* Brief
Once the line with "Fourier-transform infrared spectroscopy" is found in the entries below, repeat it and each following line exactly, up to and including the line with "16日、米ロサンゼルスで開か". Add no other lines.

* Records for the exercise
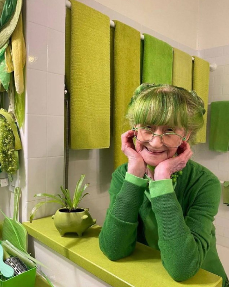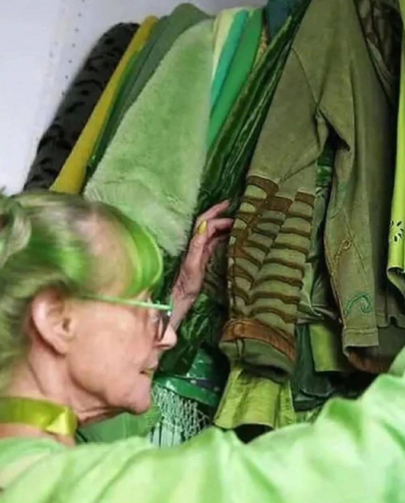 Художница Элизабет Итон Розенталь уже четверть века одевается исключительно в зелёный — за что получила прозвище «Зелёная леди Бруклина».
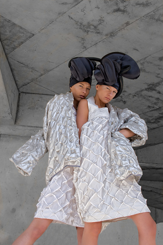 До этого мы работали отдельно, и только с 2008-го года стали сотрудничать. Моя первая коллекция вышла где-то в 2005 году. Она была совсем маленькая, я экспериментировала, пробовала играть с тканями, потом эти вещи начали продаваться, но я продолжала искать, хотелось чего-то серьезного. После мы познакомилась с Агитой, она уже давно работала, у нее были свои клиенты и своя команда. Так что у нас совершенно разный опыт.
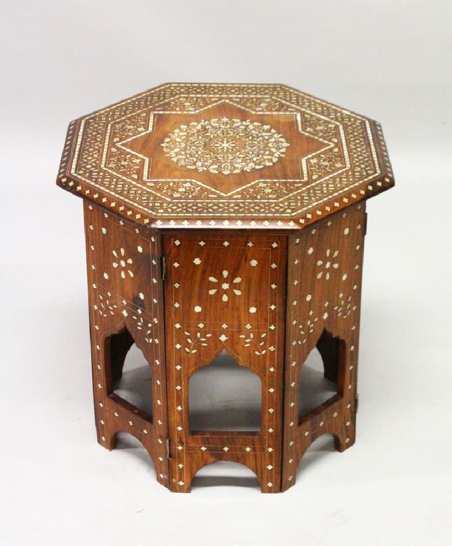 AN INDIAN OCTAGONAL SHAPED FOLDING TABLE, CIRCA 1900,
* * *
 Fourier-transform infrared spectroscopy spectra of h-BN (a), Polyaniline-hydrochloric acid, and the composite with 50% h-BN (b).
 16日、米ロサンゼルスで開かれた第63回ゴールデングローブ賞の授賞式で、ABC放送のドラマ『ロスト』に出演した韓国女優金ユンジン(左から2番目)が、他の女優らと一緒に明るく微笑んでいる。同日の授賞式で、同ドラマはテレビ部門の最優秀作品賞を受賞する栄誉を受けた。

* Solved problem
 Fourier-transform infrared spectroscopy spectra of h-BN (a), Polyaniline-hydrochloric acid, and the composite with 50% h-BN (b).
 16日、米ロサンゼルスで開かれた第63回ゴールデングローブ賞の授賞式で、ABC放送のドラマ『ロスト』に出演した韓国女優金ユンジン(左から2番目)が、他の女優らと一緒に明るく微笑んでいる。同日の授賞式で、同ドラマはテレビ部門の最優秀作品賞を受賞する栄誉を受けた。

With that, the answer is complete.